In Italy, the first great center of the paper-making industry was Fabriano in the marquisate of Ancona. Mills were established in 1276 and rose to importance with the decline of the manufacture in Spain. Fabriano was the first manufacturing center to harness water power to drive the fibrillation (pulping) process, previously a labor-intensive manual activity. Papermaking in Italy is dominated by the historic and powerful feudal family, Fabriano.

The Council Statute of 1436 prohibited anyone within a radius of 50 miles from Fabriano buildings from manufacturing paper or teaching paper making secrets to those not residing in that radius.

 

A later prohibition has even stiffer penalties. Transgressors were considered “rebels” and thereby banned from the city with consequent capital confiscation. The extent of the power of the local tribunal’s protection of the Fabriano papermakers is highlighted in a 1445 document. Council priors are concerned that if Maestro Piero di Stefano, the only artisan who practiced the “modular” art in the Marche province died his craft would die with him.

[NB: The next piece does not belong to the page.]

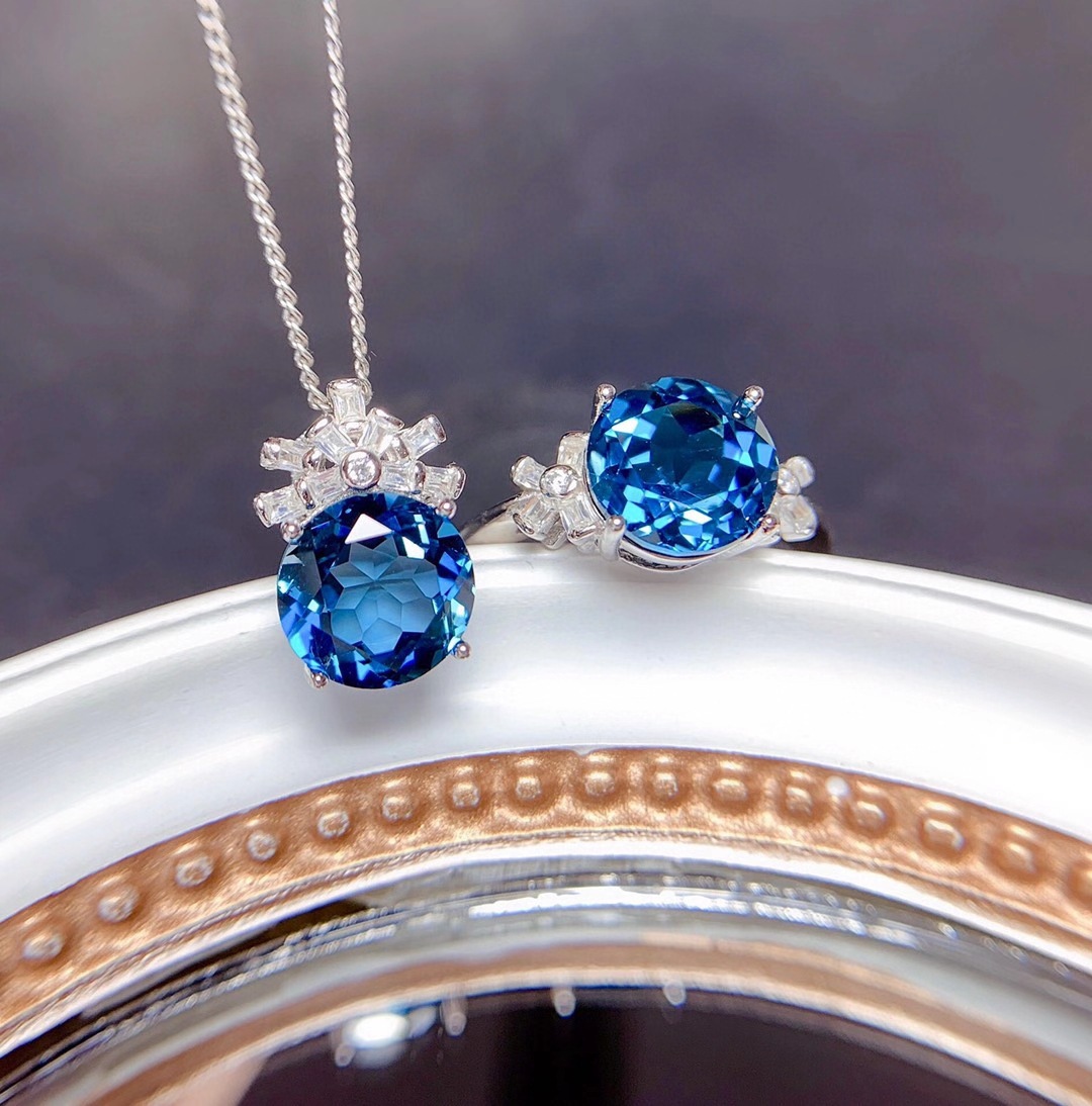 Color: London blue ring [opening adjustable] 8mm, London blue pendant [without chain] 8mm, dark blue ring [opening adjustable] 8mm, dark blue pendant [without chain] 8mm

The Council demanded the old maestro to teach the craft to his son or an apprentice in his workshop and not to construct or repair screens used outside the district of Fabriano, or he would be penalized with a fine of 100 ducats. G within the Council territory, pending a fine of 50 ducats.

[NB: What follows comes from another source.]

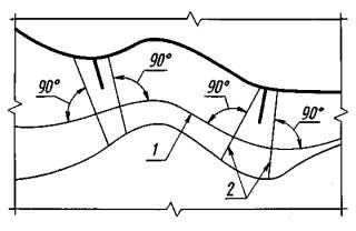 1 - горизонталь; 2 - линия наибольшего ската. Черт. 8

It was through the advent of printing that paper became popularized in Europe in the 15th Century. The first representation of the printing process is the 1568 wood print, Der Paper, by Jost Amman in the Little Book of trades.

 

The paper remained inexpensive through the centuries at least up through the 19th Century. It was the 19th century that brought great advances in papermaking. Together with the invention of the practical fountain pen and the mass-produced pencil of the same period and in conjunction with the advent of the steam-driven rotary printing press, wood-based paper caused a major transformation of the 19th-century economy and society in industrialized countries.

With the introduction of cheaper paper, schoolbooks, fiction, non-fiction, and newspapers became gradually available by 1900. The cheap wood-based paper also meant that keeping personal diaries or writing letters became possible and so, by 1850, the clerk, or writer, ceased to be a high-status job.